President Jair Bolsonaro’s handling of pandemic and slow vaccine distribution has led to protests and investigation.
Pfizer Inc has applied for full regulatory approval for its COVID-19 vaccine in Brazil, the country’s health regulator said on Saturday, amid continuing unrest over right-wing President Jair Bolsonaro’s response to the pandemic and slow vaccine roll-out.
The Pfizer-BioNTech vaccine is the second submitted for full approval in Brazil after AstraZeneca applied on January 29 for the vaccine it created with Oxford University.
That vaccine is being manufactured in Brazil in partnership with the federally funded Fiocruz biomedical centre.
Brazil has already approved the Oxford-AstraZeneca vaccine and the Chinese-developed SinoVac shots for emergency use and began a vaccination drive in mid-January, but that roll-out has been plagued by delays in ingredient shipments.
The Pfizer-BioNTech vaccine has an overall efficacy of 95 percent, and efficacy of 94 percent in people aged over 65, Pfizer has said.
The prospect of distributing a new vaccine in Brazil came as Bolsonaro has faced protests – largely organised by left-wing parties and groups – against his handling of the pandemic.
The president previously dismissed the virus as a “little flu” and rejected the need to put public health restrictions in place to prevent its spread. He also has said he will not receive a vaccine, even as the pandemic continued to rage in the country.
During the past month, more than 1,000 coronavirus-related deaths have been recorded daily.

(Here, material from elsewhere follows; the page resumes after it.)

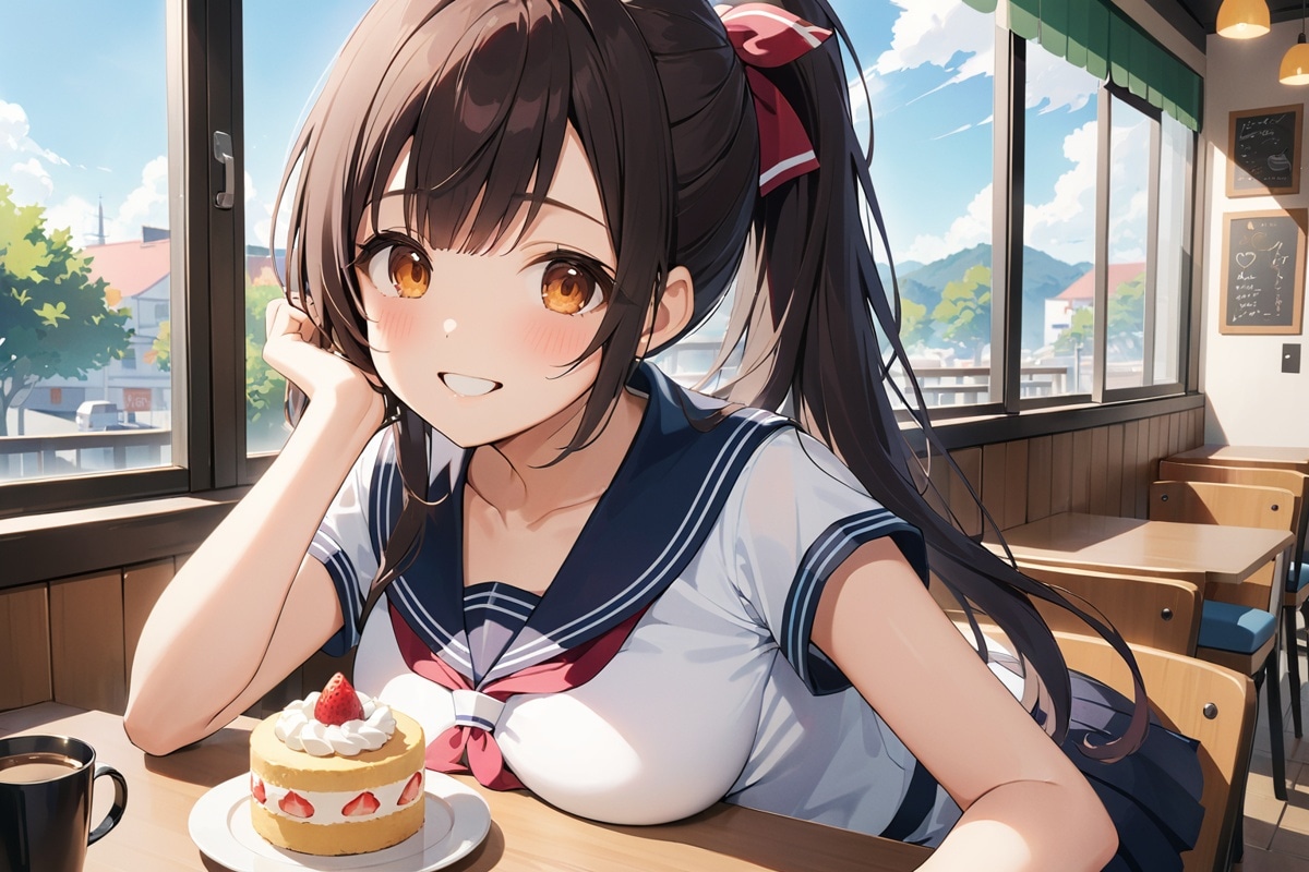 1 pretty girl, 18 yers old,black hair,ponytail,breasts size B cup,happy smile, sailor school uniform, cafe,she have a coffee cup,There is a cute cake,4k, best quality,

More than 9.4 million infections, as well as more than 230,000 deaths, have been reported to date.
The country’s prosecutor-general last week opened a preliminary investigation into Bolsonaro for a deadly coronavirus outbreak in Manaus, the capital of the country’s Amazonas state.
In January, the city’s hospitals ran out of oxygen, forcing the federal government to fly in supplies from across the country.
The region is also where a new coronavirus variant believed to be more easily transmissible – similar to those found in the United Kingdom and South Africa – first appeared.
If the initial inquiry, which also includes Health Minister Eduardo Pazuello, finds “possible wrongdoing”, a more formal investigation known as an “inquerito” will take place.